**Exercise**
Below are some records; output exactly the lines from the line with "Designer Maroon Color" to the line with "- Adorable and", both ends kept, and nothing more.

**Source information**
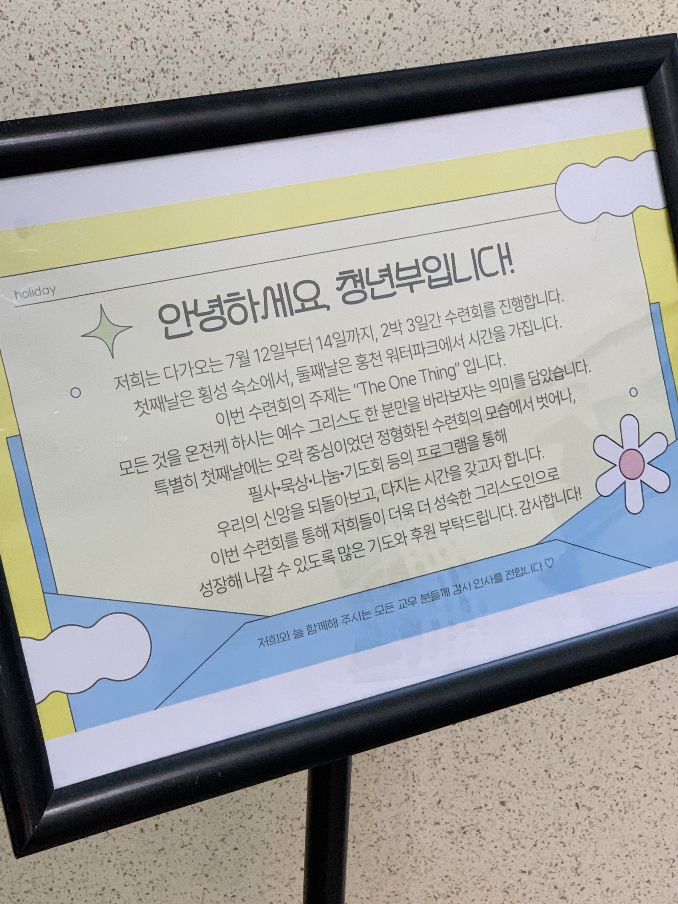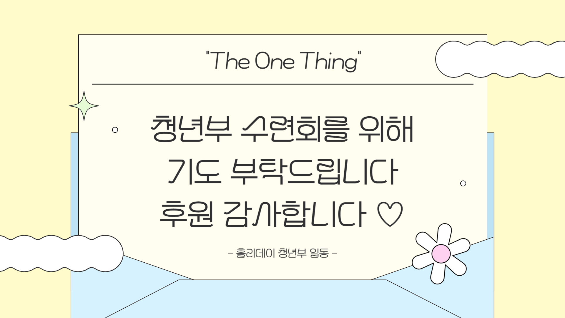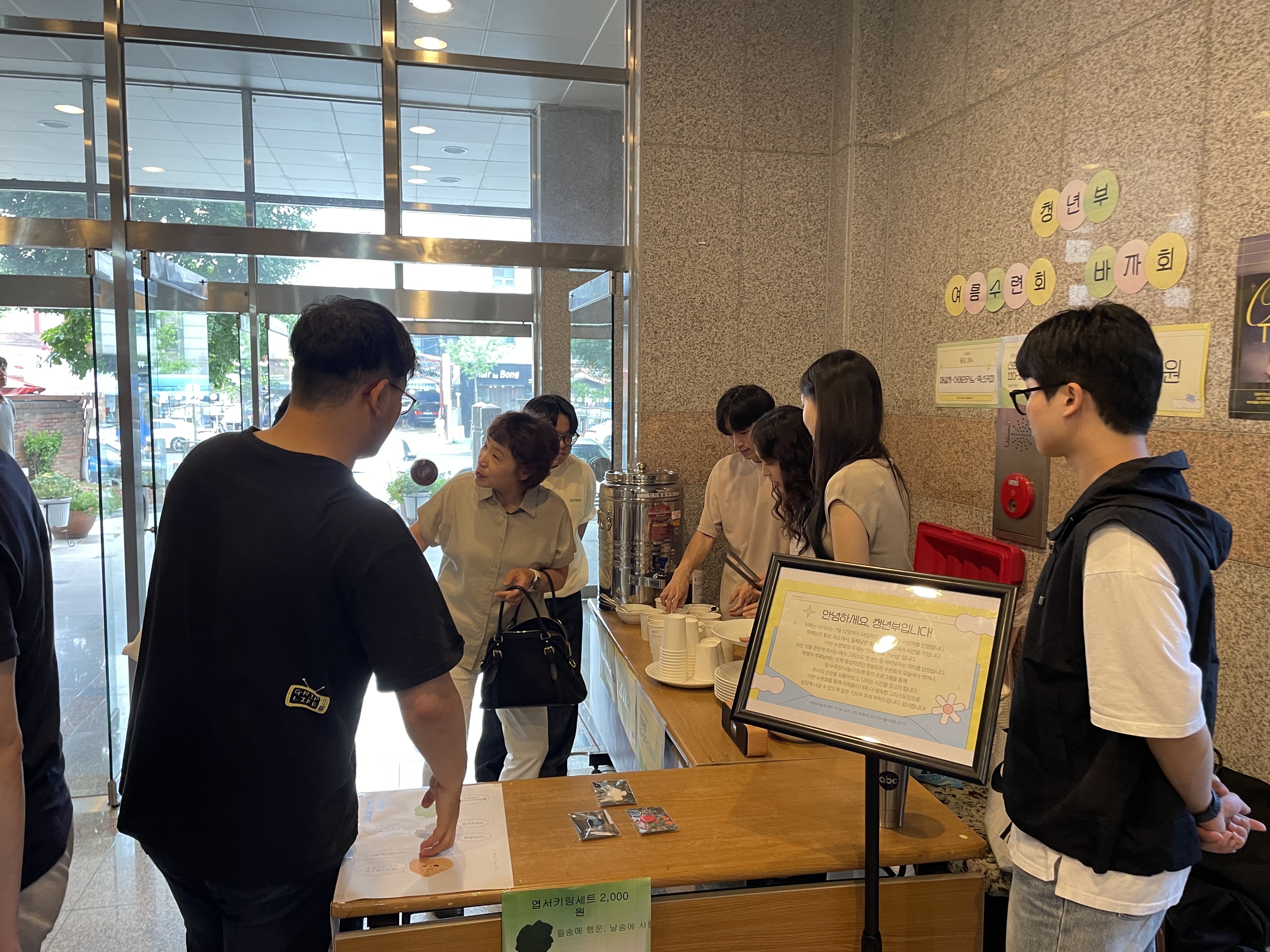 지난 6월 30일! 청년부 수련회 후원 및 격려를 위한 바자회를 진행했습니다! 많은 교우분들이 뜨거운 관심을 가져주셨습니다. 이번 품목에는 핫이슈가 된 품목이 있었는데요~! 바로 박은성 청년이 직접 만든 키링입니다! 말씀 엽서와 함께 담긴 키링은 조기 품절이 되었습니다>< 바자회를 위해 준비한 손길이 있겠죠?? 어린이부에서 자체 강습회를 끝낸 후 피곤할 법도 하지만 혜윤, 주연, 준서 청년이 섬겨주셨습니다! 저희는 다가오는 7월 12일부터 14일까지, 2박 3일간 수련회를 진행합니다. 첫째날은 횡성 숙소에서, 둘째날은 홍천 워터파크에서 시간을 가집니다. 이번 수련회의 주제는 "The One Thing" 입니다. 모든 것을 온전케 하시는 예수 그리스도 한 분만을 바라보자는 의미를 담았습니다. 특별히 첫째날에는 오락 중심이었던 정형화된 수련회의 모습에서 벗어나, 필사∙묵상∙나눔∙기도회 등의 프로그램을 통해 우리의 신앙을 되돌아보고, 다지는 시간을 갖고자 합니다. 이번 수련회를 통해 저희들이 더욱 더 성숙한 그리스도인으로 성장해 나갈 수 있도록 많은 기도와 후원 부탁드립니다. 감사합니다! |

* * *

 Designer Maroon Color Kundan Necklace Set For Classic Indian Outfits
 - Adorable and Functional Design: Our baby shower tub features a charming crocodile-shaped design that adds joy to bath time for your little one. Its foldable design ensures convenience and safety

**Solution**
 Designer Maroon Color Kundan Necklace Set For Classic Indian Outfits
 - Adorable and Functional Design: Our baby shower tub features a charming crocodile-shaped design that adds joy to bath time for your little one. Its foldable design ensures convenience and safety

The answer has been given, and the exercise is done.